Outro lado. Em nota, a defesa de Aécio diz que “mantém relações formais com o ministro Gilmar Mendes e, como presidente nacional do PSDB, manteve contados com o ministro, presidente do TSE, para tratar de questões relativas à reforma política”.

“Ressalte-se que pouco mais da metade das ligações citadas foram completadas, conforme consta do relatório da PF. Ocorreram também reuniões públicas para tratar do tema, com a presença do presidente da Câmara e presidentes de outros partidos. O senador Aécio é autor de uma das propostas aprovadas no âmbito da reforma política”, diz o texto.

Também em nota, Gilmar informou que “manteve contato constante, desde o início de sua gestão, com todos os presidentes de partidos políticos para tratar da reforma política”.

Dos 44 senadores que salvaram Aécio, 65% votaram para cassar Delcídio em 2015

Dos 44 senadores que votaram a favor do retorno de Aécio Neves (PSDB-MG) ao Senado, 29 (65% do total) manifestaram posição oposta na votação sobre o caso de Delcídio do Amaral (Sem partido-MS), em novembro de 2015. Na ocasião, o plenário da Casa também analisou uma decisão do Supremo Tribunal Federal (STF) e decidiu pela manutenção da prisão do ex-líder do governo Dilma Rousseff, acusado de tentar obstruir a Operação Lava-Jato.

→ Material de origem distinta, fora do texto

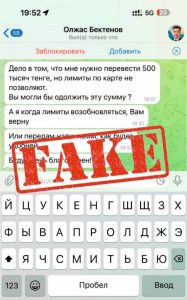 Telegram және WhatsApp мессенджерлерінде ҚР премьер-министрі мен Үкімет мүшелерінің жалған парақшалары ашылды. Осылайша, алаяқтар банктің шектеу қоюына байланысты қаржылай көмек сұрап, хабарлама жіберіп жатыр. Олар фишинг сілтемелерін пайдаланады.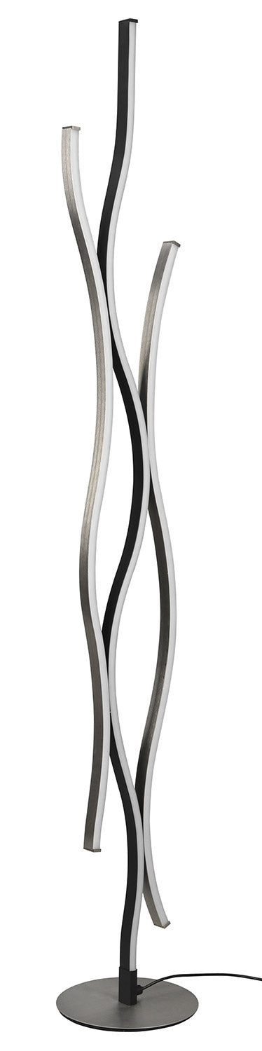 Blaze Piantana Led Ondulata Metallo Alluminio e Nero con Regolazione Intensità e Temperatura di Colore Della Luce con Interruttore H. 138Cm

Do grupo dos que votaram a favor de Aécio e contra Delcídio, 13 integram o PMDB, partido do presidente Michel Temer, e 8 o PSDB, sigla do senador mineiro. Também compõem essa lista parlamentares do DEM, PP, PR, PROS e PSD.

TROCA DE VOTO

Houve ainda troca de voto entre os que se posicionaram pelo afastamento de Aécio. Ao todo, seis senadores, a maioria do PT, votaram em 2015 a favor de Delcídio, que na época integrava o partido da presidente Dilma, e agora se manifestaram contra o senador tucano.

Apenas 17 senadores votaram a favor da decisão do Supremo nos dois casos. Ao todo, 64 parlamentares que votaram no plenário na sessão desta terça-feira também decidiram o futuro de Delcídio há quase dois anos. Se na época foi registrada apenas uma abstenção e nenhuma ausência, dessa vez, na votação sobre o mandato de Aécio, foram registradas nove ausências e nenhuma abstenção.

A FAVOR DE AÉCIO

Sem considerar quatro partidos que contam com apenas um senador e todos votaram a favor de Aécio (PRB, PSC, PTC E PROS), o PSDB foi a sigla que, proporcionalmente, mais apoiou o parlamentar mineiro, seguida pelo PMDB. Entre os tucanos, 91% votaram pela permanência do colega de legenda no Senado e 9% se ausentaram.

Já PSB, Podemos, PDT e Rede (que tem apenas um senador) tiveram a maior votação contra Aécio. O PSD foi o partido que ficou mais dividido: foram 50% de votos pelo afastamento de Aécio, 25% contra e 25% de ausências.